The Crafts and Arts of Early Greece (from 12th to the 8th centuries BCE)

Tuesday, 9 September, 6:30
Laby Theatre, Physics South, University of Melbourne

Australian Archaeological Institute at Athens Visiting Professor, Irene Lemos, Oxford

This lecture looks at the work of Greek craftsmen and artists of the period from 1200 to 700 BCE. Although Mycenaean architecture and art have been greatly admired and the Archaic and Classical Greek monuments, ceramics and sculpture are well known and discussed, the achievements of the early Greek artists and craftsmen are less acknowledged and often even ignored. This lecture explores the ceramics, personal ornaments, tools and buildings of the period and argues that the early Greek craftsmen and artists achieved and accomplished a lot during a period when much social and cultural change took place. Indeed, their skills and achievements pioneered the perception of what is considered to be Greek art.

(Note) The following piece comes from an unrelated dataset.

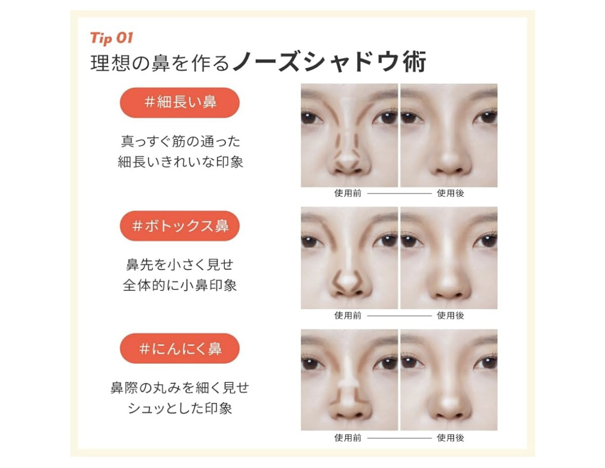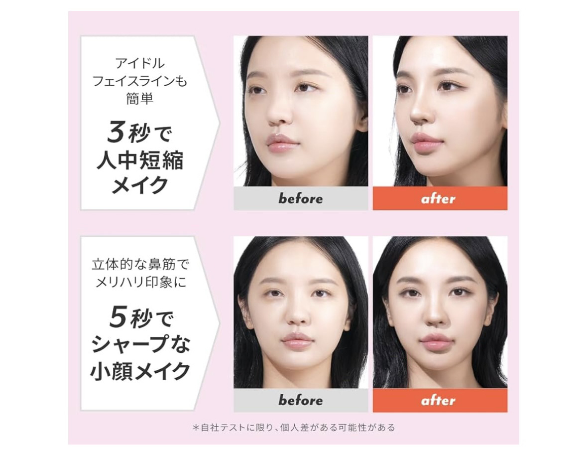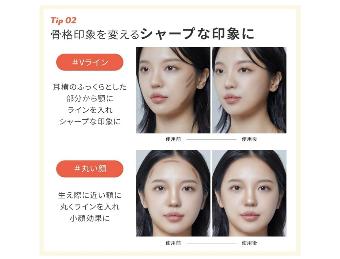 - 狭く、小さく、ピンポイントに! 絶妙1.1cm幅のスティックタイプで欲しい陰影を狙い撃ち。 肌なじみがよく暗すぎないシェーディング&光すぎないハイライトが1本に。

Professor Irene Lemos is Reader in Classical Archaeology at Oxford University, and Director of the Lefkandi-Xeropolis excavations in Euboea. She is the author of The Protogeometric Aegean: The Archaeology of the Late Eleventh and Tenth Centuries BC (Oxford, 2003) and of numerous publications on the Lefkandi excavations as they relate to elite burials in the Iron Age, tell formation processes and ceramic statistical analyses.